● **DATASET RECORDS**

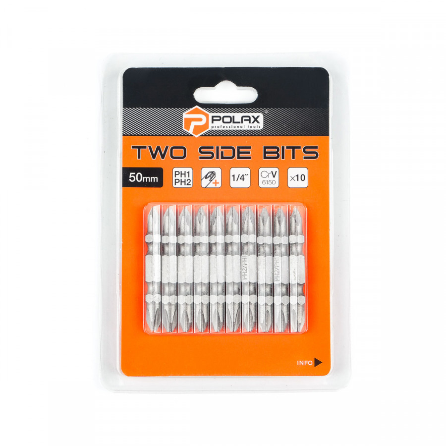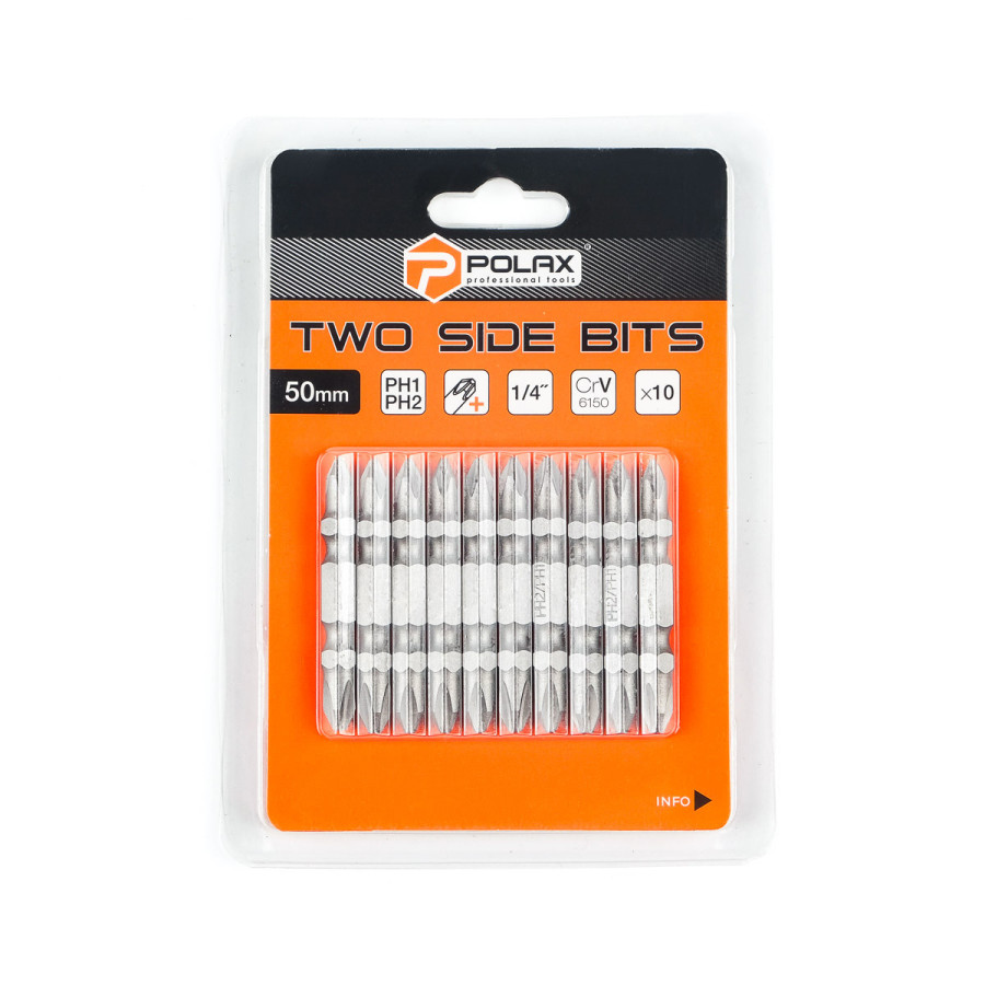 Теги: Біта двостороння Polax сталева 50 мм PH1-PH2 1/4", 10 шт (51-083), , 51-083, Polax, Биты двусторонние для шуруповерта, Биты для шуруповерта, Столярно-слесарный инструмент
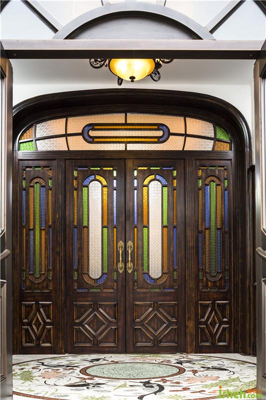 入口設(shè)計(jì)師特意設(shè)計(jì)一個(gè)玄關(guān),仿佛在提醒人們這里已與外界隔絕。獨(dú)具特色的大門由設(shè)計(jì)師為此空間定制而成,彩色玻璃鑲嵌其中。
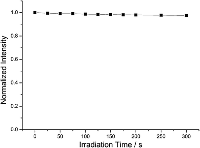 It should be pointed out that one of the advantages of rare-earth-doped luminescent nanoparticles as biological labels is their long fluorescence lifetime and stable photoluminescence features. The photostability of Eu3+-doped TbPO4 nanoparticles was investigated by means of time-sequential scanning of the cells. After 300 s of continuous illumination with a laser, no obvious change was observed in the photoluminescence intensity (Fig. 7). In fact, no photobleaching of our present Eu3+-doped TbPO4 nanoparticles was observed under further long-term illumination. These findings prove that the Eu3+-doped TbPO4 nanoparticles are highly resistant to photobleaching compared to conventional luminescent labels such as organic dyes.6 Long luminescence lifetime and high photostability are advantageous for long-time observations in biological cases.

--

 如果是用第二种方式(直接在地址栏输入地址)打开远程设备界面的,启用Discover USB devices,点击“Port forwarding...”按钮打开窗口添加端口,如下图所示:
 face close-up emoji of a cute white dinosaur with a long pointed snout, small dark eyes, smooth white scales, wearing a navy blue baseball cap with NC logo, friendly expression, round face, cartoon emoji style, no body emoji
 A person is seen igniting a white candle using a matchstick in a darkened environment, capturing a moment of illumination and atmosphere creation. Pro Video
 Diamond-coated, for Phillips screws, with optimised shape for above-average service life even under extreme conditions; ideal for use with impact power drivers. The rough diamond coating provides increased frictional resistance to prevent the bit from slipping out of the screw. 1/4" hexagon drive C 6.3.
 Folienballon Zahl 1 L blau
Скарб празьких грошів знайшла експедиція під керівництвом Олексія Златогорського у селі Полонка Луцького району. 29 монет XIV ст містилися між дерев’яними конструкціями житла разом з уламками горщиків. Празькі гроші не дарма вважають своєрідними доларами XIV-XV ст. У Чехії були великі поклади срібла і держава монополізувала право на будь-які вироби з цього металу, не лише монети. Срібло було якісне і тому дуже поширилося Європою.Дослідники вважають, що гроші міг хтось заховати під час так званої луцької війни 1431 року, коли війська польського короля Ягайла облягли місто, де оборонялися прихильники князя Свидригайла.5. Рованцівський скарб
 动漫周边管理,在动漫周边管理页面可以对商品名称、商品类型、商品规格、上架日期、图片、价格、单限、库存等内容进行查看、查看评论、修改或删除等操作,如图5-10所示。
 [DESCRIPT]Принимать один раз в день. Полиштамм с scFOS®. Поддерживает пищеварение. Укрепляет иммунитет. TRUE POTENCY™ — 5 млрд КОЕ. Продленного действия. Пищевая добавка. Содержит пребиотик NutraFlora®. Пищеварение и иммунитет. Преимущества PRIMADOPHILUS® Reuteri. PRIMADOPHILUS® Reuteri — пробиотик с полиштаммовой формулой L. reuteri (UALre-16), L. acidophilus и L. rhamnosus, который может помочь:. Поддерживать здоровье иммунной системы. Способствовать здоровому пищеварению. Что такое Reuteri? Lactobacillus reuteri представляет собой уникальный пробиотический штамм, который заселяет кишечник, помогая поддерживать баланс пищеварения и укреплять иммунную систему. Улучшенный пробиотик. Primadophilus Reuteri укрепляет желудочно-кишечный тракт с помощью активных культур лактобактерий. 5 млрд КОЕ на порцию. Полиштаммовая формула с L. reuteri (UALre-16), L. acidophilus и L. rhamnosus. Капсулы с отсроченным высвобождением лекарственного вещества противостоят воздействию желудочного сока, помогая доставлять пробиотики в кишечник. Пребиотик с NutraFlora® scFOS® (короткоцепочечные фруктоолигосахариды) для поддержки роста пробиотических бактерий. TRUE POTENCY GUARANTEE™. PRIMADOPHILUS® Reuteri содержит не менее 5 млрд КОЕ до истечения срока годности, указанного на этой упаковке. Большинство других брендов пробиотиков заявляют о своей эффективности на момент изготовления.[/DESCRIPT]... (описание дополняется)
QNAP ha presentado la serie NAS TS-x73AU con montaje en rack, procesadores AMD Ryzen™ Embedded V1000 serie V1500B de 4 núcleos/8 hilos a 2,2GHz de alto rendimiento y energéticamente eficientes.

* * *

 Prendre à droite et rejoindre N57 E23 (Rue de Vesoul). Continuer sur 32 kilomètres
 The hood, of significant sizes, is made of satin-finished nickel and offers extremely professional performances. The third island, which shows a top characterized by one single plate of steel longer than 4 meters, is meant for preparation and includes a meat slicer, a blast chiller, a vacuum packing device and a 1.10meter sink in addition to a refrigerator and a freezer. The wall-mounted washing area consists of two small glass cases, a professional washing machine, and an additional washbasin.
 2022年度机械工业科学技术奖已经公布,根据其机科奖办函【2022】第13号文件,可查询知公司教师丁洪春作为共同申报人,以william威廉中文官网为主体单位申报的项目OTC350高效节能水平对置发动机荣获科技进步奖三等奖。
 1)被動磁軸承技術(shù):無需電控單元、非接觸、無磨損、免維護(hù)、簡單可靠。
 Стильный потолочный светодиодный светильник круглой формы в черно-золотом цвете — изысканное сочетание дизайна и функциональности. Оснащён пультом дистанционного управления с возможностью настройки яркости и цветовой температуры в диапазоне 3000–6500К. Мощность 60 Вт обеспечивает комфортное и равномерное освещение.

● **GOAL OF THE EXERCISE**
In the listing above, find the line containing "Теги: Біта двостороння" and the line containing "It should be", then write out both of them and every line between, exactly, with no pictures.

● **SOLVED EXERCISE**
 Теги: Біта двостороння Polax сталева 50 мм PH1-PH2 1/4", 10 шт (51-083), , 51-083, Polax, Биты двусторонние для шуруповерта, Биты для шуруповерта, Столярно-слесарный инструмент
 入口設(shè)計(jì)師特意設(shè)計(jì)一個(gè)玄關(guān),仿佛在提醒人們這里已與外界隔絕。獨(dú)具特色的大門由設(shè)計(jì)師為此空間定制而成,彩色玻璃鑲嵌其中。
 It should be pointed out that one of the advantages of rare-earth-doped luminescent nanoparticles as biological labels is their long fluorescence lifetime and stable photoluminescence features. The photostability of Eu3+-doped TbPO4 nanoparticles was investigated by means of time-sequential scanning of the cells. After 300 s of continuous illumination with a laser, no obvious change was observed in the photoluminescence intensity (Fig. 7). In fact, no photobleaching of our present Eu3+-doped TbPO4 nanoparticles was observed under further long-term illumination. These findings prove that the Eu3+-doped TbPO4 nanoparticles are highly resistant to photobleaching compared to conventional luminescent labels such as organic dyes.6 Long luminescence lifetime and high photostability are advantageous for long-time observations in biological cases.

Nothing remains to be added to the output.